PROVIDED ENTRIES:
::::::::::

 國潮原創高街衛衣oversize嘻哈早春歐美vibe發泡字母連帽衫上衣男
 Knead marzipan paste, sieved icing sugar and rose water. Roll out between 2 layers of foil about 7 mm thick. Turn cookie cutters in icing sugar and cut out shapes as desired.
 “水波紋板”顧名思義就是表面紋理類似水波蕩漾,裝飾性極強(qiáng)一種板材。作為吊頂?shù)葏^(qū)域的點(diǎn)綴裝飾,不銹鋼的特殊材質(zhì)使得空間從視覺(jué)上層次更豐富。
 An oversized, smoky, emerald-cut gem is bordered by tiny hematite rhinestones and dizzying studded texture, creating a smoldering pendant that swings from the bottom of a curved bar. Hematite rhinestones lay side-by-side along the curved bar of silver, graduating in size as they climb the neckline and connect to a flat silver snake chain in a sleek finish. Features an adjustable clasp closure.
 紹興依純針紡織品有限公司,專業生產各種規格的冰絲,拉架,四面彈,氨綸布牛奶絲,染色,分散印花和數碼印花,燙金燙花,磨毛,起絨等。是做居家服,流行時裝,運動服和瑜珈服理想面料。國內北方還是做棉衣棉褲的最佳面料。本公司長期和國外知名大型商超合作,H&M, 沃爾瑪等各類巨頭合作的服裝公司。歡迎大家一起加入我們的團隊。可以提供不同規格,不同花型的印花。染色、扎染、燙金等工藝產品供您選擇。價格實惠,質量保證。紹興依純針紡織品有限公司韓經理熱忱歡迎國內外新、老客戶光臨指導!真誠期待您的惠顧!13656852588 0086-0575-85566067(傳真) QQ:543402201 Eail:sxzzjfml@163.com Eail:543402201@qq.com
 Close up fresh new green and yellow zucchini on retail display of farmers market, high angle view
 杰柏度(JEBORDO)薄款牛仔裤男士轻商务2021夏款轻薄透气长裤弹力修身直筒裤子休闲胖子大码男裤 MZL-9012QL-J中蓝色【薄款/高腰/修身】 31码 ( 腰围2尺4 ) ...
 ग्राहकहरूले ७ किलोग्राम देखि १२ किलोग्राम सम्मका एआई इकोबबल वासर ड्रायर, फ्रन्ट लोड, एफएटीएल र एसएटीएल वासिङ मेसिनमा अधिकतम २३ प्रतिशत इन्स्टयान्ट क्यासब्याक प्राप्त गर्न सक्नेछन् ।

::::::::::

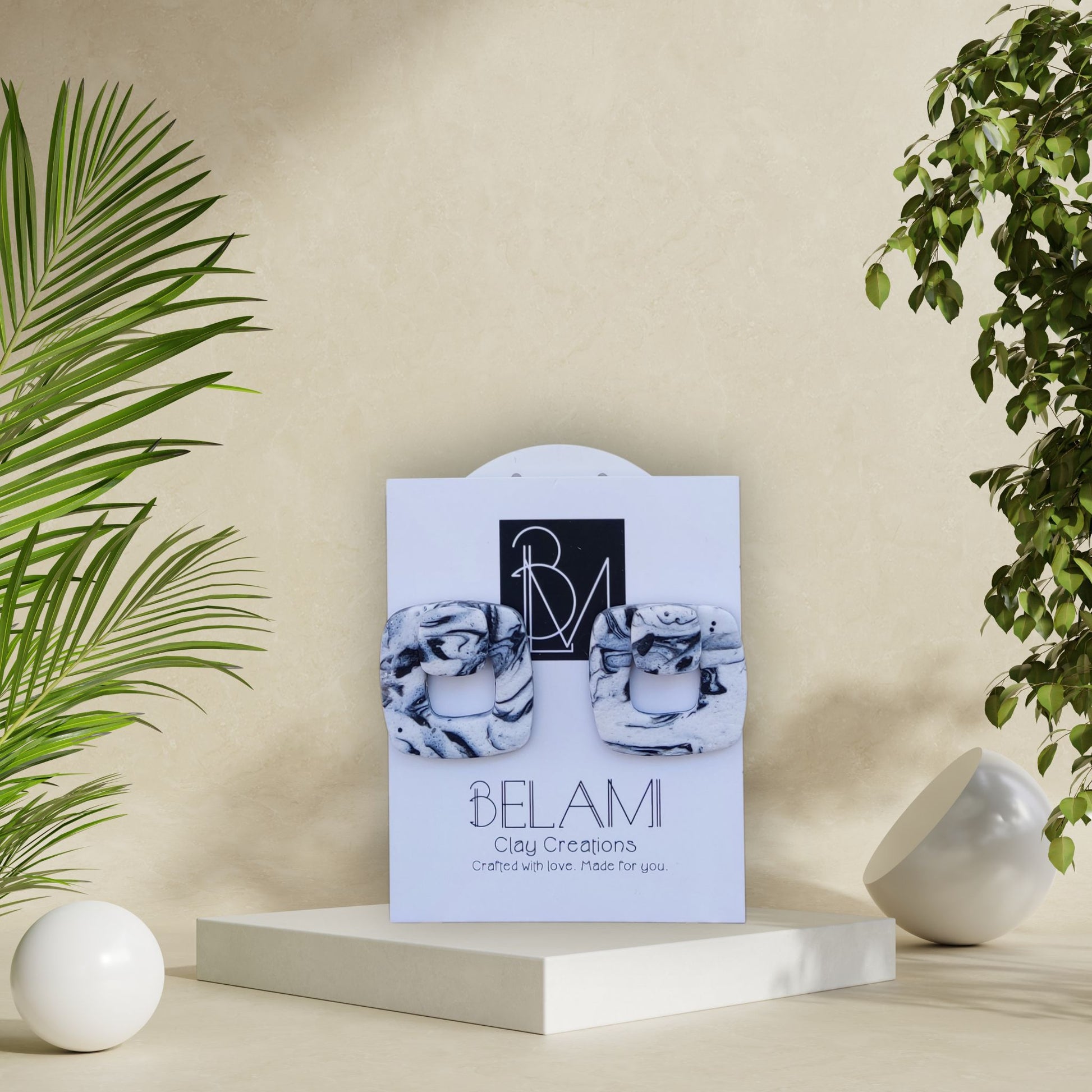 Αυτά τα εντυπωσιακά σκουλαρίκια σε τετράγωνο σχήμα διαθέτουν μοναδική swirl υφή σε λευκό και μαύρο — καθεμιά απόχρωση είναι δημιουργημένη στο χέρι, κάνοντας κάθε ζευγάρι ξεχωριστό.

::::::::::

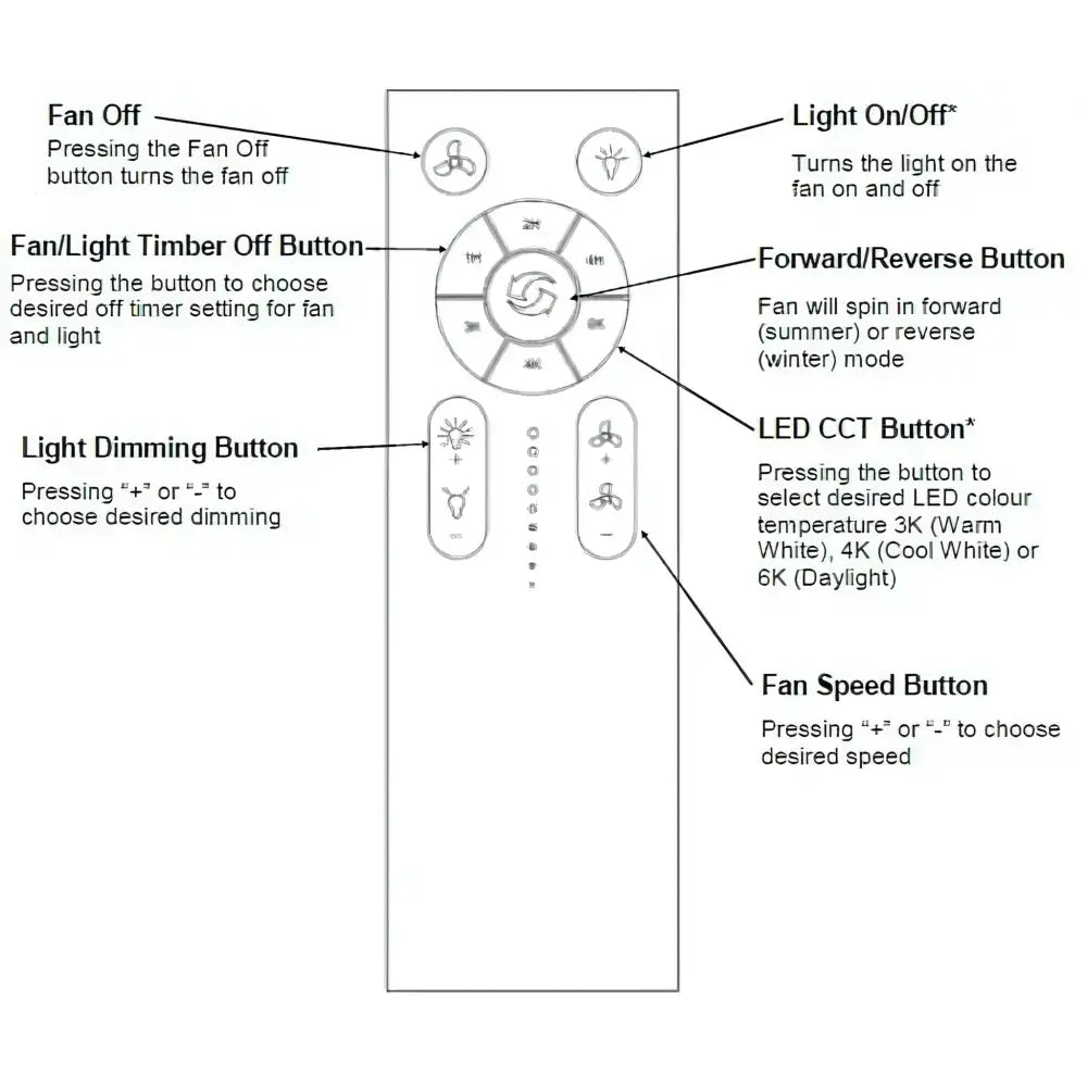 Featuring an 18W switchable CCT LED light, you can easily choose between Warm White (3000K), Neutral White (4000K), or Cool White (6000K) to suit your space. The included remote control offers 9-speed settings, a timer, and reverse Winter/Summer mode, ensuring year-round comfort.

::::::::::

PROMPT: From the records above, quote only the lines running from the line with "腰围2尺4 ) ..." to the line with "ग्राहकहरूले ७ किलोग्राम", both lines included.

RESULT BELOW:
 杰柏度(JEBORDO)薄款牛仔裤男士轻商务2021夏款轻薄透气长裤弹力修身直筒裤子休闲胖子大码男裤 MZL-9012QL-J中蓝色【薄款/高腰/修身】 31码 ( 腰围2尺4 ) ...
 ग्राहकहरूले ७ किलोग्राम देखि १२ किलोग्राम सम्मका एआई इकोबबल वासर ड्रायर, फ्रन्ट लोड, एफएटीएल र एसएटीएल वासिङ मेसिनमा अधिकतम २३ प्रतिशत इन्स्टयान्ट क्यासब्याक प्राप्त गर्न सक्नेछन् ।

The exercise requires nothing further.